The power of dark places, even without laughs, is something I've seen at We're All Friends Here. When someone goes dark/sad/truthful, it can get tough to be funny. But it's a different kind of engagement. It's edge of your seat inducing. And when a line does puncture that tension, it's cathartic in a way that clever one-liners or jokes about bees can't be.

8/3/12

Chris Rock on being taped at "the gym"

Chris Rock says people taping shows is ruining standup for the big guys:

Q. You don’t think some kind of threshold has been crossed?

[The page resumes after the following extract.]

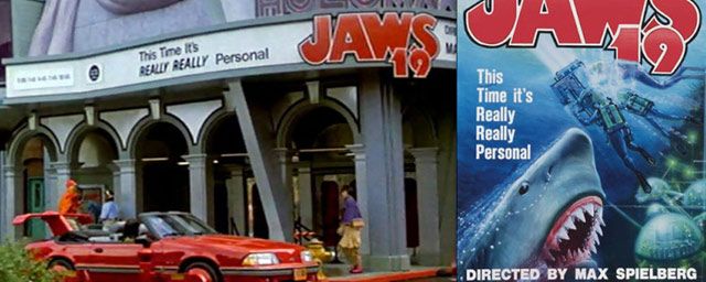 Un petit clin d'oeil à Steven Spielberg, producteur exécutif de la saga Retour vers le futur, est présent lors d'une scène en 1955. Dans un plan, un cinéma propose à l'affiche les films A boy's life (titre de travail de E.T. l'extraterrestre) et Watch the skies (titre original de Rencontres du 3e type). Mais il y aussi Les Dents de la Mer 19 et son affiche holograhique impressionnante.
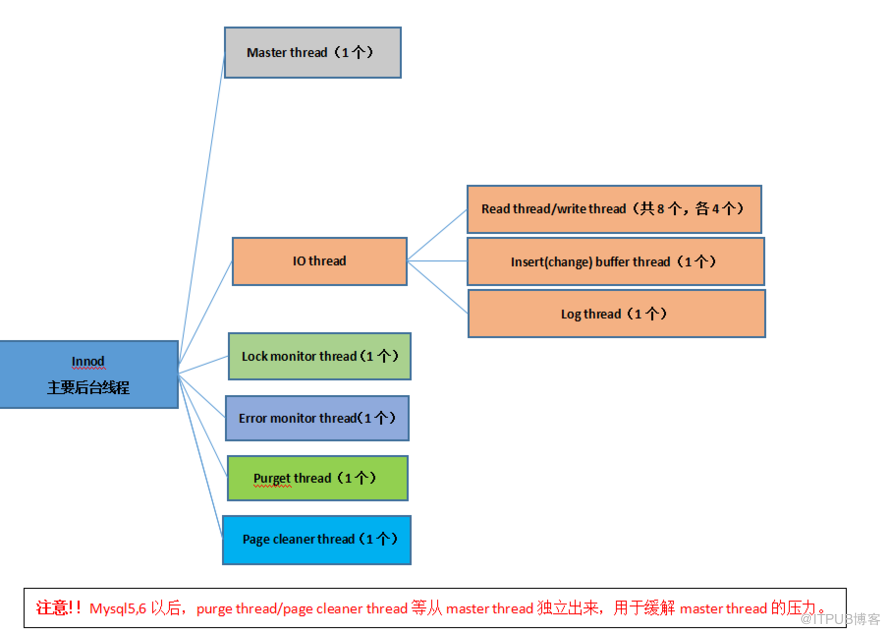 2、Page cleaner thread是5.6.2引入的一个新线程(单线程),从master线程中卸下buffer pool刷脏页的工作独立出来的线程(默认是启一个线程);

A. When you’re workshopping it, a lot of stuff is bumpy and awkward. Especially when you’re working on the edge, you’re going to offend. A guy like Tosh, he’s at the Laugh Factory. He’s making no money. He’s essentially in the gym. You’re mad at Ray Leonard because he’s not in shape, in the gym? That’s what the gym’s for. The sad thing, with all this taping and stuff, no one’s going to do stand-up. And every big stand-up I talk to says: “How do I work out new material? Where can you go, if I have a half an idea and then it’s on the Internet next week?” Just look at some of my material. You can’t imagine how rough it was and how unfunny and how sexist or racist it might have seemed. “Niggas vs. Black People” probably took me six months to get that thing right. You know how racist that thing was a week in? That’s not to be seen by anybody.

Q. What’s the solution?

A. Honestly, I’m just trying to figure out how I’m going to do it. ’Cause the few times I’ve gotten onstage and thought about touring, immediately, stuff’s on the Internet, I’m getting calls, and I’m like, this isn’t worth it. I saw “Dark Knight [Rises]” the other night, and Bruce Wayne’s walking into this party, and he presses a button, and no one’s camera works. If I find a comedy club where no one’s camera works, I’ll go. I’ll go back to comedy clubs when they get a real no-camera policy, the same way they did with smoking. But hey, they used to be the smokiest places in the world.


Totally get where Rock is coming from but I also wonder if this is like music industry execs complaining about people not buying music the same way they used to. Things change. Horse and buggy drivers probably weren't happy about cars. I bet novelists hate Twitter. Journalists are getting screwed by technology too.

I think the real question is what happens next. Maybe albums/specials go away. Maybe what really matters is what happens in that room that night. Maybe people turn over material every month instead of every year.

Does this mean a loss of craftsmanship and depth? Most likely. But that's happening everywhere else in society too. Why should standup be any different?

Also, it seems like it's mostly a problem for big-name standups. Little guys don't have to worry about being taped because no one gives a shit.

Also, how many people are really viewing these sets later? Are TONS of people watching shitty cellphone taped sets of Chris Rock or Louis CK or Daniel Tosh?

I get why it'd be bad if someone captures you saying something that gets blown up by the speech police. But Tosh's whole rape joke thing wasn't even taped. It was just that someone who was at the show wrote about it online. The genie's out of the bottle on this thing. Secrets are tough to keep these days.

I'm not saying taping shows is the right thing to do. Maybe there will be some sort of technology that blocks cellphone use at clubs in the future. (Man, that sounds great.) But if it ain't something that can really be stopped, the next step is to ask, "What are we gonna do about it?"